He saw, too, how Geoffrey’s countenance lighted, how his eyes glowed as he turned to look down upon that fair, upturned face, while the glad smile that wreathed his handsome mouth, told something of the joy which this meeting afforded him also.
Everet Mapleson read these signs as plainly as he would have read a printed page, and he knew that the young man loved the fair girl with all the strength of his manly nature, and the knowledge made him grind his teeth in silent rage.
But Mr. Huntress spoke to him just then, and he was obliged to turn his glance away from those two central figures, which were now moving out of the room together, and answer him.

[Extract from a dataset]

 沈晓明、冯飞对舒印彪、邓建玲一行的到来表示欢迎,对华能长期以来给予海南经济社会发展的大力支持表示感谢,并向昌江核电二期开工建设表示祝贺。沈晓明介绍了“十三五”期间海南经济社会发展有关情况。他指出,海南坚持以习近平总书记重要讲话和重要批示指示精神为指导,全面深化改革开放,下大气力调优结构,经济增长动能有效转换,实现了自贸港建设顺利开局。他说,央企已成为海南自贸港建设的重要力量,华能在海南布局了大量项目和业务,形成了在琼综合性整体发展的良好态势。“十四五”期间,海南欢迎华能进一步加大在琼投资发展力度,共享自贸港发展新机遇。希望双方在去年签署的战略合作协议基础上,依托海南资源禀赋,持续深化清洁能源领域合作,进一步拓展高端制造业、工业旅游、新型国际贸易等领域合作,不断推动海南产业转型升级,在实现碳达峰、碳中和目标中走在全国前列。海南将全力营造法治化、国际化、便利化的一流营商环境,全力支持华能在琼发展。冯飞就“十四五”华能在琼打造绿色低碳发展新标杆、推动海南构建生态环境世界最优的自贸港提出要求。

Mr. Huntress was more and more impressed every moment that there must be kindred blood in the veins of these two young men, and he was resolved to learn the truth.

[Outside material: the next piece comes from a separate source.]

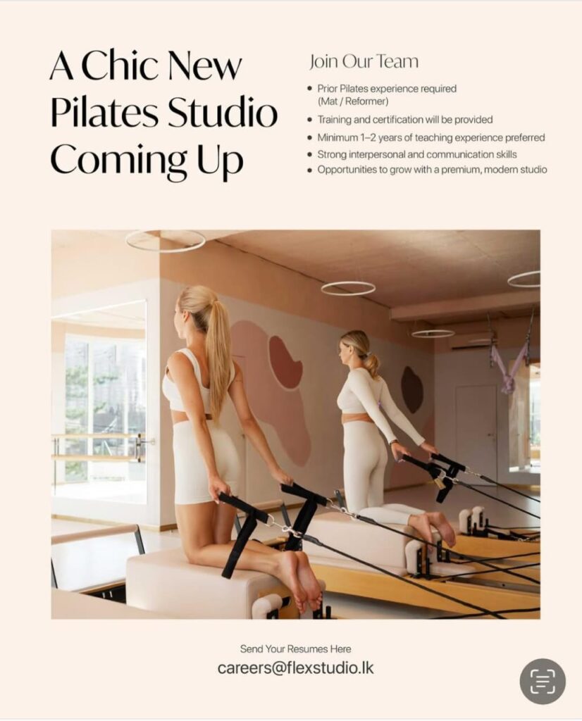 Are you a passionate Pilates instructor with a love for movement and mindful strength? We’re looking for talented reformer & mat instructors to join our team at a chic new studio launching soon in the heart of Colombo.

But he was destined to be disappointed, for Everet Mapleson repeated about the same story, with some additions, that he had already told Gladys, and there seemed no possibility of there being any relationship between them.
“My father was a colonel in the Confederate Army during the war,” Everet said, in reply to his companion’s query, “and my home, with the exception of a short residence abroad, has always been in the South.”
“And is your mother also a Southerner?”
Everet smiled, for he knew well enough what these questions meant.
“Oh, yes; she and my father were second cousins, and they were married in 1853.”
“Ah! in ’53,” remarked Mr. Huntress, reflectively; “and was that Colonel Mapleson’s first marriage?”